Final answer:
To maintain the ratio of j to k (11:12) when j is multiplied by 17, k must also be multiplied by 17.
Step-by-step explanation:
The question asks us to find the factor by which k should be multiplied to maintain the ratio of j to k (which is 11:12) when j is multiplied by 17. First, we need to represent the given ratio algebraically, which can be expressed as j:k = 11:12. If we multiply j by 17, to keep the ratio same, the equation becomes 17j: k' = 11:12, where k' is the new value of k.

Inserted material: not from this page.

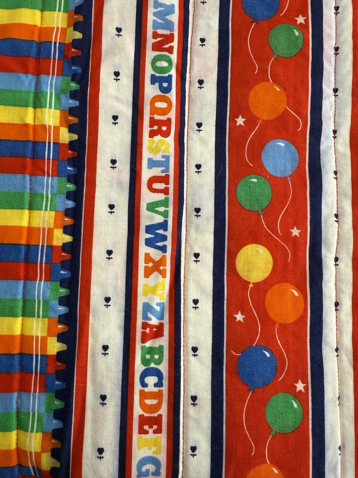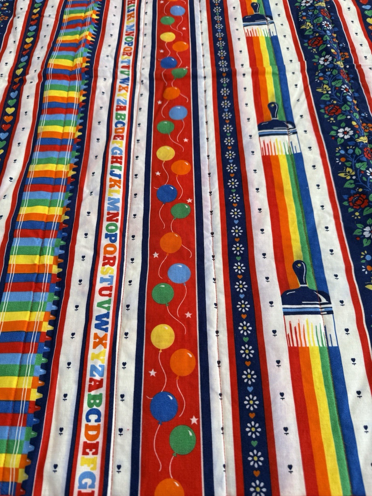 Handmade Nursery Quilt Baby Blanket Childs Throw Crayons ABC Stripes 47X42
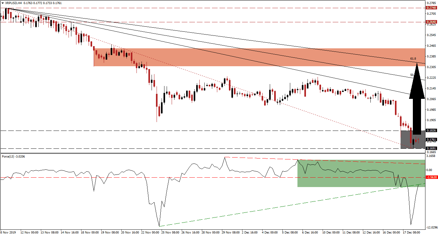 In case of a reversal in the Force Index, breakdown risks for the XRP/USD will increase. Given the extent of the sell-off to fundamental developments, the downside remains extremely limited. This cryptocurrency pair will reach its next support zone between 0.1270 and 0.1481 from where more downside would require a major catalyst. Spreading buy orders between both support zones remains the recommended approach.

To find out what k should be multiplied by, we need to set up a proportion. Therefore, 17j/j = k'/k. Simplifying this, we get 17 = k'/k. Answering the question, k should be multiplied by 17 to maintain the same ratio after j has been multiplied by 17.
To maintain the same ratio between j and k when j is multiplied by 17, we need to find the value of k. In the given ratio, j:k is 11:12. After multiplying j by 17, the new ratio becomes 17j:k. Since we want the ratio to remain the same, we need to find the value of k that maintains the ratio 17j:k as 11:12.
To do this, we can set up a proportion: (17j) / k = 11 / 12. Cross multiplying and solving for k, we get k = (12 * 17j) / 11.
So, k should be multiplied by (12 * 17) / 11 to maintain the same ratio when j is multiplied by 17.